Bottom Line – Consider LIVN

While we discussed generally what we’re looking for, a growth pick that fits the bill well that you might want to consider is LivaNova (LIVN). Their big draw are their neuromodulation technologies that stimulate the Vagus nerve to deal with conditions such as epilepsy, sleep apnea and most promisingly difficult-to-treat depression. The reason why the stock is compelling is because of the high likelihood of success of the DTD product, which is still trialing for insurance coverage. The reason it’s likely to succeed is that from trials 15 years ago that failed, thousands of people have been carrying their implants in them, and while the trial failed within the required 6-month period, the years of evidence accumulated from this cohort showed that improvement already started after nine months, and that lives have been markedly improved. The peculiarity of having thousands of implants in patients from a failed trial more than a decade ago creates an asymmetric opportunity here that investors should consider while betting on the large DTD market.
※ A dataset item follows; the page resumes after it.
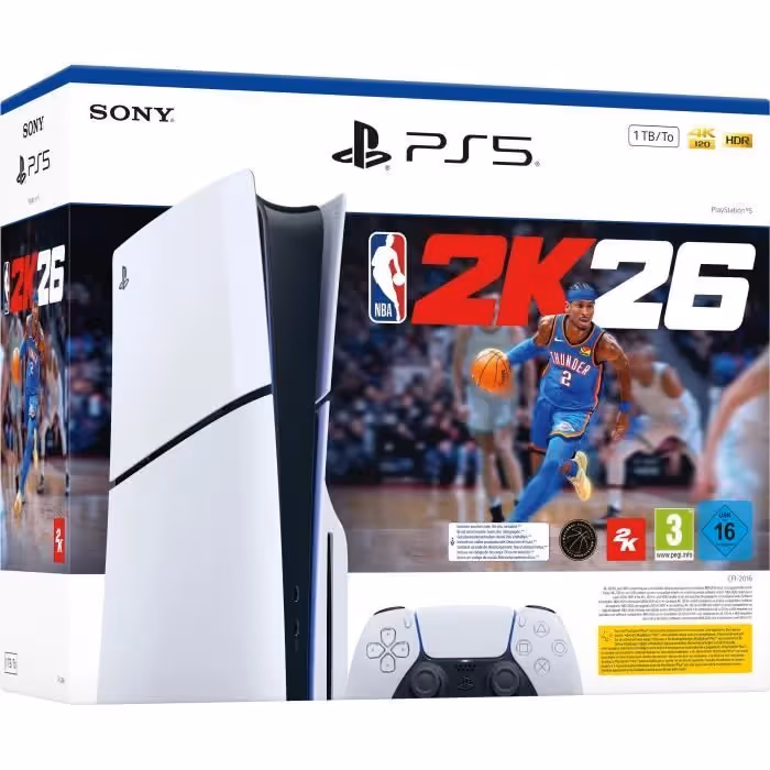 Plongez dans l’univers du basketball avec le Pack PS5 Standard comprenant la console PlayStation 5 Slim (1 To) et le jeu NBA 2K26 (code inclus). Profitez de graphismes en 4K HDR, du retour haptique, des gâchettes adaptatives et du SSD ultra-rapide pour une expérience de jeu fluide, immersive et nouvelle génération.

Regardless of what you pick, remember to keep a long-term view. If you think you are investing into a generational opportunity in terms of the addressed market, then buying at some point now with these discounts should create opportunities. A strong secular picture elevates multiples more than anything due to the high value from a growing perpetuity valuation. While you might not get the timing just right, if the opportunity in their markets exist, whenever investors generally realise it your returns will be all the higher for having bought in a panicked market.